▶ **ABOUT THIS TASK**: Please retype exactly the lines from the one containing "Yeshiva University President" through the end of the records, leaving out the pictures.

▶ **MATERIAL FOR THE TASK**:

<<<<

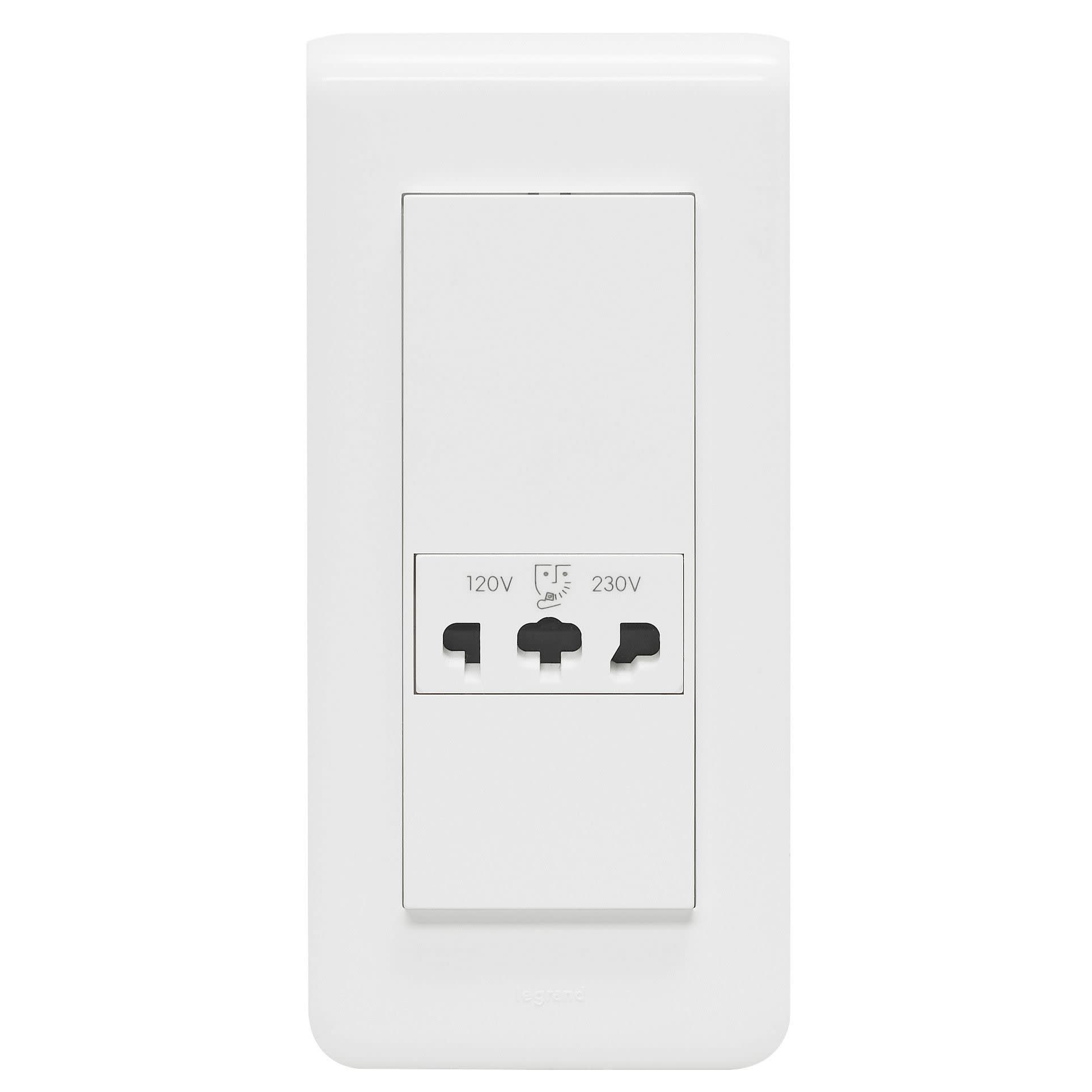 Prise rasoir Mosaic 230V sortie 120-V à 230V - 50Hz à 60Hz - Livrée complète avec support et plaque de finition 5 modules - Blanc RAL9003 finition brillante IP24 IK04 - Permet de bénéficier dans le volume 2 de la salle de bains d'une prise électrique sécurisée Repérage des bornes facilitant le câblage Connexion par bornes automatiques à levier permettant la connexion rapide sans outil
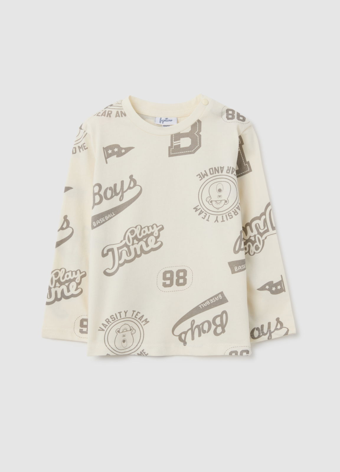 Caracteristici: Tricoul bej cu mânecă lungă pentru copii din gama Fagottino, confecționat din bumbac pur, este împodobit cu imprimeul Varsity. Este un articol ideal pentru copii cu vârsta între 0 și 3 ani, asigurând confort și libertate de mișcare. Perfect pentru activitățile zilnice, fitul este regular, asigurând practicitate și confort.
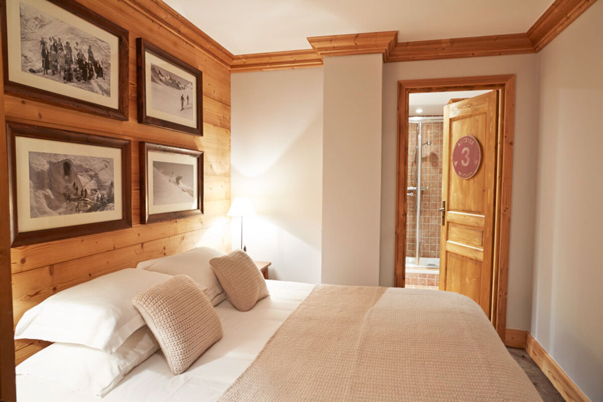 Bedroom 4 is a double bedroom with a flat screen TV and DVD player. The room is en-suite with a shower, sink and WC. There is also a balcony looking across towards the village of Val d'Isere.
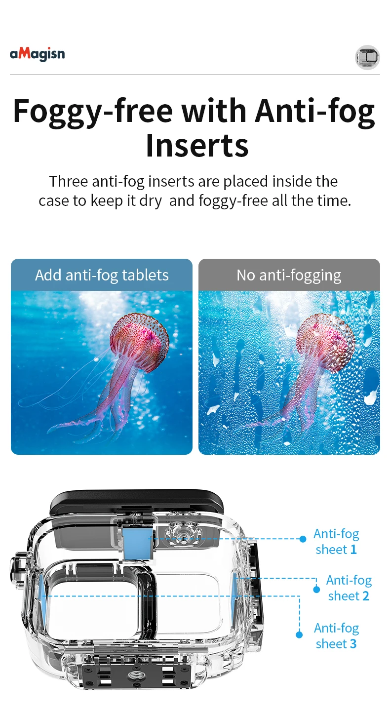 Los sellos de alta resistencia y las lentes reforzadas de 2,0 mm se combinan para hacer frente fácilmente a una presión de 60 metros bajo el agua, registrando cada momento de las maravillas marinas.
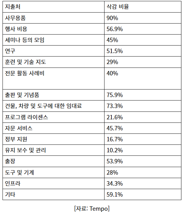 대통령 지침 이후 재무부의 서한 제S-37/MK.02/2025가 발행되었으며, 예산 삭감의 세부 사항은 다음 표와 같다. 부처별 예산 삭감은 다양하지만, 아래는 비율 기준으로 가장 큰 삭감을 받은 5개 부처/기관의 목록이다. 특히, 예산삭감률이 큰 공공사업부는 고속도로 등 국가의 중요한 인프라 건설 프로젝트를 담당하고 있어 관련 프로젝트들의 지연 등이 예상된다.
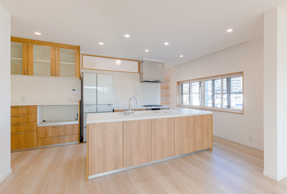 北寄りで寒くて暗かったリビング・キッチンを、日当たりの良い南向きに一新!
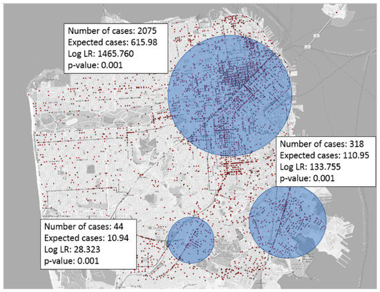 - Neill, D.B.; Moore, A.W. Rapid Detection of Significant Spatial Clusters. In Proceedings of the ACM SIGKDD (KDD ’04), Seattle, WA, USA, 22–25 August 2004. [Google Scholar]
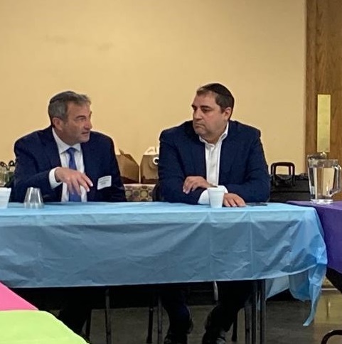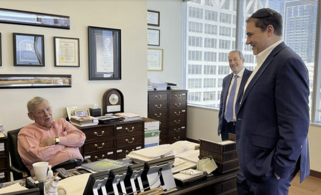 Yeshiva University President Ari Berman and Rabbi Wes Kalmar of Anshe Sfard Kehillat Torah synagogue meet with former commissioner of baseball Bud Selig, in August 2022.
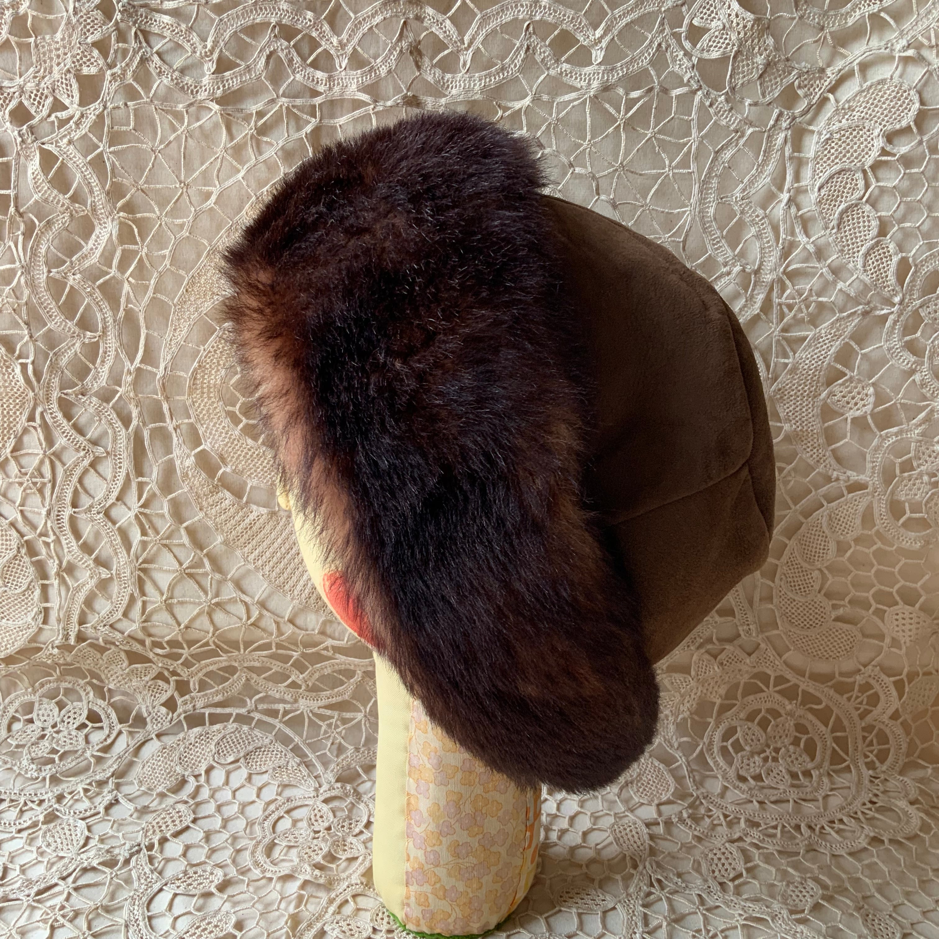 前のファー部分は内側に折り曲げてボリュームを調節することも出来ます

>>>>

▶ **EXPECTED OUTPUT**:
 Yeshiva University President Ari Berman and Rabbi Wes Kalmar of Anshe Sfard Kehillat Torah synagogue meet with former commissioner of baseball Bud Selig, in August 2022.
 前のファー部分は内側に折り曲げてボリュームを調節することも出来ます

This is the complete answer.